Extract the lines of the material below, beginning with the first and ending with the line that holds "西椎屋の大銀杏は、樹齢130". Skip every picture.

_DATASET EXTRACT:_
=== Begin Enclosure ===

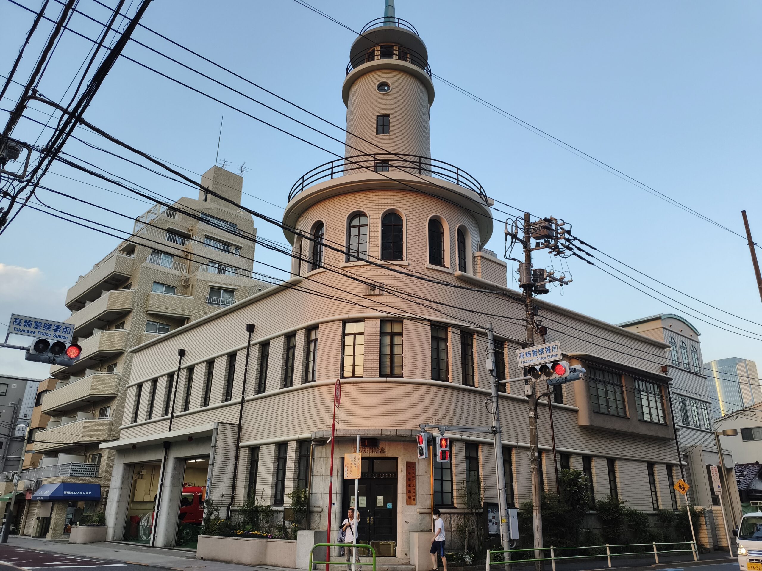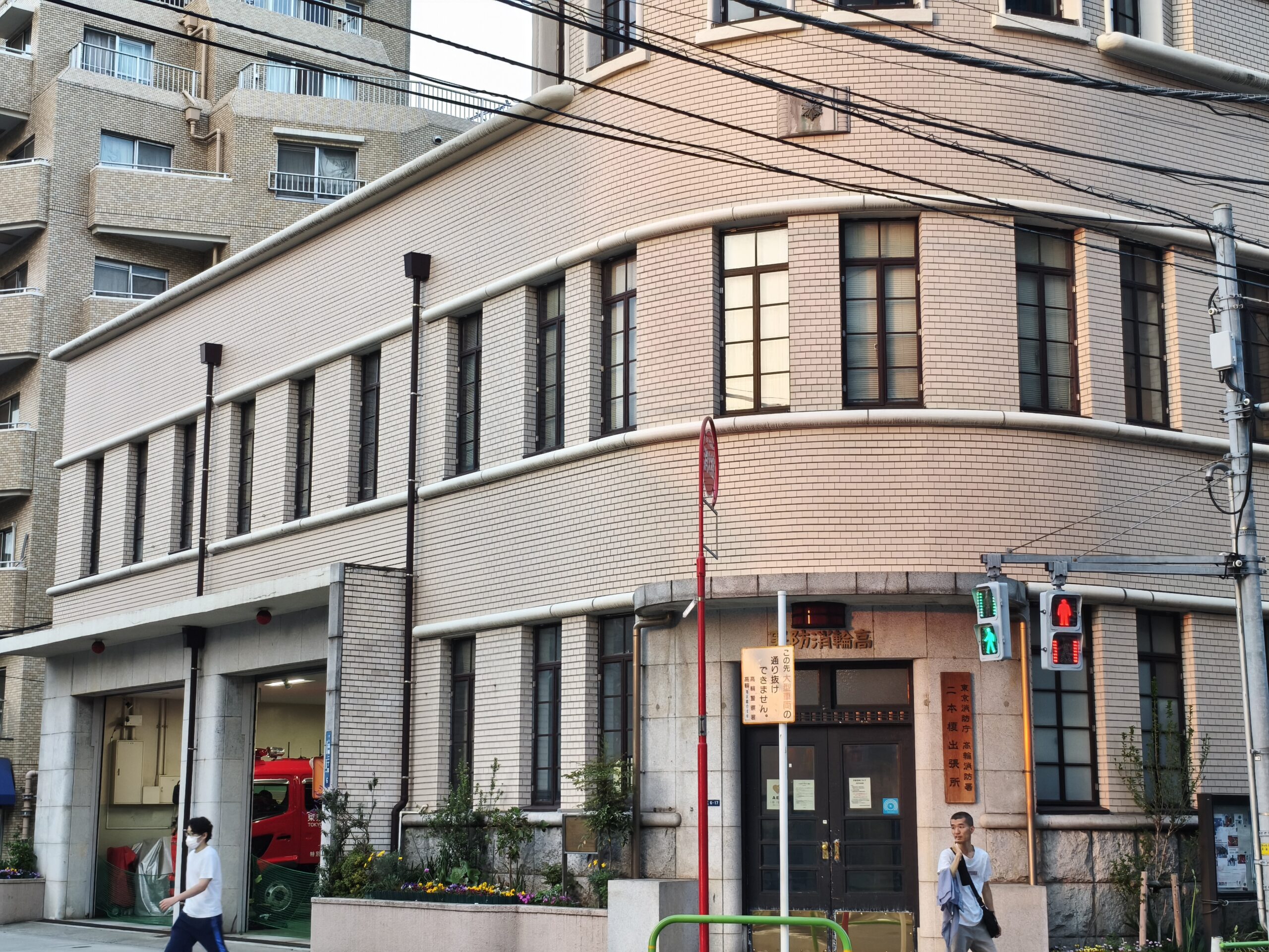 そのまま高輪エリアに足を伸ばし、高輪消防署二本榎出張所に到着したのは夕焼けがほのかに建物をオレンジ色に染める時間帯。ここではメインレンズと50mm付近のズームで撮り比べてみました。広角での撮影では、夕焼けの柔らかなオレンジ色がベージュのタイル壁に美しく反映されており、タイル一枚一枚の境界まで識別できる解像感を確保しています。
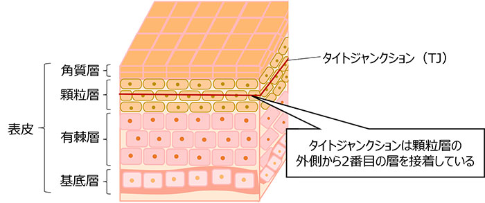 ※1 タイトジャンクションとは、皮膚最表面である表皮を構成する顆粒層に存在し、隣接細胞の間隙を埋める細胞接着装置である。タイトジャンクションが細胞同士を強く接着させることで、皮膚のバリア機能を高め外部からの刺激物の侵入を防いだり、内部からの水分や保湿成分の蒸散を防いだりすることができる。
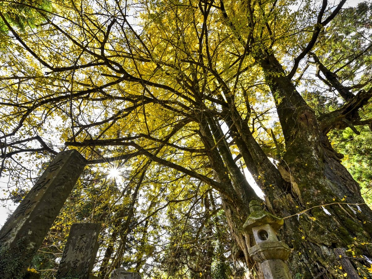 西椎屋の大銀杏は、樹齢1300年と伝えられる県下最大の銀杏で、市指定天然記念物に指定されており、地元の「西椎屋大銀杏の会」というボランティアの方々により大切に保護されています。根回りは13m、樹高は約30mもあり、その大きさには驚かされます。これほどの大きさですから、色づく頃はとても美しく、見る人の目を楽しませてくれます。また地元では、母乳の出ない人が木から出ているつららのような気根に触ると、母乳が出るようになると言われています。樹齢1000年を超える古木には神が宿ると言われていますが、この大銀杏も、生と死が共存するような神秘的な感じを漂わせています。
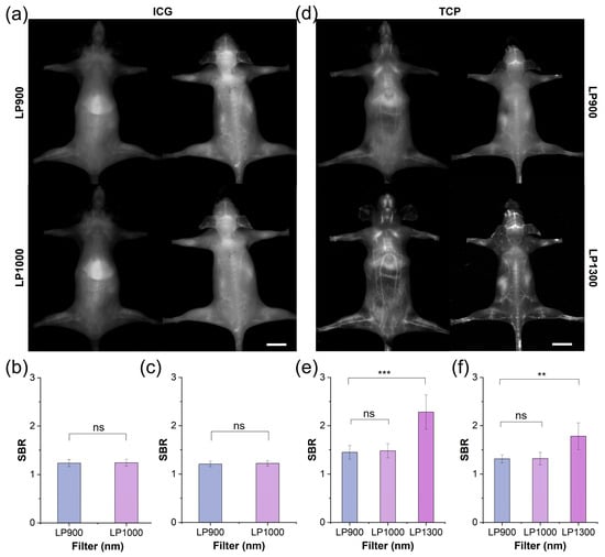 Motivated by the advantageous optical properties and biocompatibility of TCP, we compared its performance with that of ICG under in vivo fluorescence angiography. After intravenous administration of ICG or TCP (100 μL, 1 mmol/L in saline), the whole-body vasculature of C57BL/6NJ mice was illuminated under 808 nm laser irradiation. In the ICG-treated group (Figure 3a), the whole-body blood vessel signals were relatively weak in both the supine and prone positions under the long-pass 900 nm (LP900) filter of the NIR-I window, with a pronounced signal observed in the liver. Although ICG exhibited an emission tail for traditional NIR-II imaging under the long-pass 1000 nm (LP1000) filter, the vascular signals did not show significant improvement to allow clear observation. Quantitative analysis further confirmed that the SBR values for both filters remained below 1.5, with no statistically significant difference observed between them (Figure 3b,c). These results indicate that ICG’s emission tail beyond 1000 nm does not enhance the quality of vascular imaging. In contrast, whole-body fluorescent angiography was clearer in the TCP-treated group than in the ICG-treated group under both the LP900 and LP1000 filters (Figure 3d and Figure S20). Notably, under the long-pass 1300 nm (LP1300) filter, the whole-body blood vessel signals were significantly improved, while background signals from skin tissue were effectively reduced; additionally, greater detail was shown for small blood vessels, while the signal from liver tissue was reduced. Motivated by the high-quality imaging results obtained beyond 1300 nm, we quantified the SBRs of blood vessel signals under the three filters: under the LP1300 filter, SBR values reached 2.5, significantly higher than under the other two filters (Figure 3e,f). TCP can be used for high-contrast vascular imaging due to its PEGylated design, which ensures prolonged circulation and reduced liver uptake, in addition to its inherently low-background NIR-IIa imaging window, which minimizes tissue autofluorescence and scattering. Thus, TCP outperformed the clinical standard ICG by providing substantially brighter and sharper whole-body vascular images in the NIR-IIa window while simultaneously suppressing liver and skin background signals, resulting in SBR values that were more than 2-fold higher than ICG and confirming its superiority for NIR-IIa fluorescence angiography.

=== End Enclosure ===

_SOLUTION:_
 そのまま高輪エリアに足を伸ばし、高輪消防署二本榎出張所に到着したのは夕焼けがほのかに建物をオレンジ色に染める時間帯。ここではメインレンズと50mm付近のズームで撮り比べてみました。広角での撮影では、夕焼けの柔らかなオレンジ色がベージュのタイル壁に美しく反映されており、タイル一枚一枚の境界まで識別できる解像感を確保しています。
 ※1 タイトジャンクションとは、皮膚最表面である表皮を構成する顆粒層に存在し、隣接細胞の間隙を埋める細胞接着装置である。タイトジャンクションが細胞同士を強く接着させることで、皮膚のバリア機能を高め外部からの刺激物の侵入を防いだり、内部からの水分や保湿成分の蒸散を防いだりすることができる。
 西椎屋の大銀杏は、樹齢1300年と伝えられる県下最大の銀杏で、市指定天然記念物に指定されており、地元の「西椎屋大銀杏の会」というボランティアの方々により大切に保護されています。根回りは13m、樹高は約30mもあり、その大きさには驚かされます。これほどの大きさですから、色づく頃はとても美しく、見る人の目を楽しませてくれます。また地元では、母乳の出ない人が木から出ているつららのような気根に触ると、母乳が出るようになると言われています。樹齢1000年を超える古木には神が宿ると言われていますが、この大銀杏も、生と死が共存するような神秘的な感じを漂わせています。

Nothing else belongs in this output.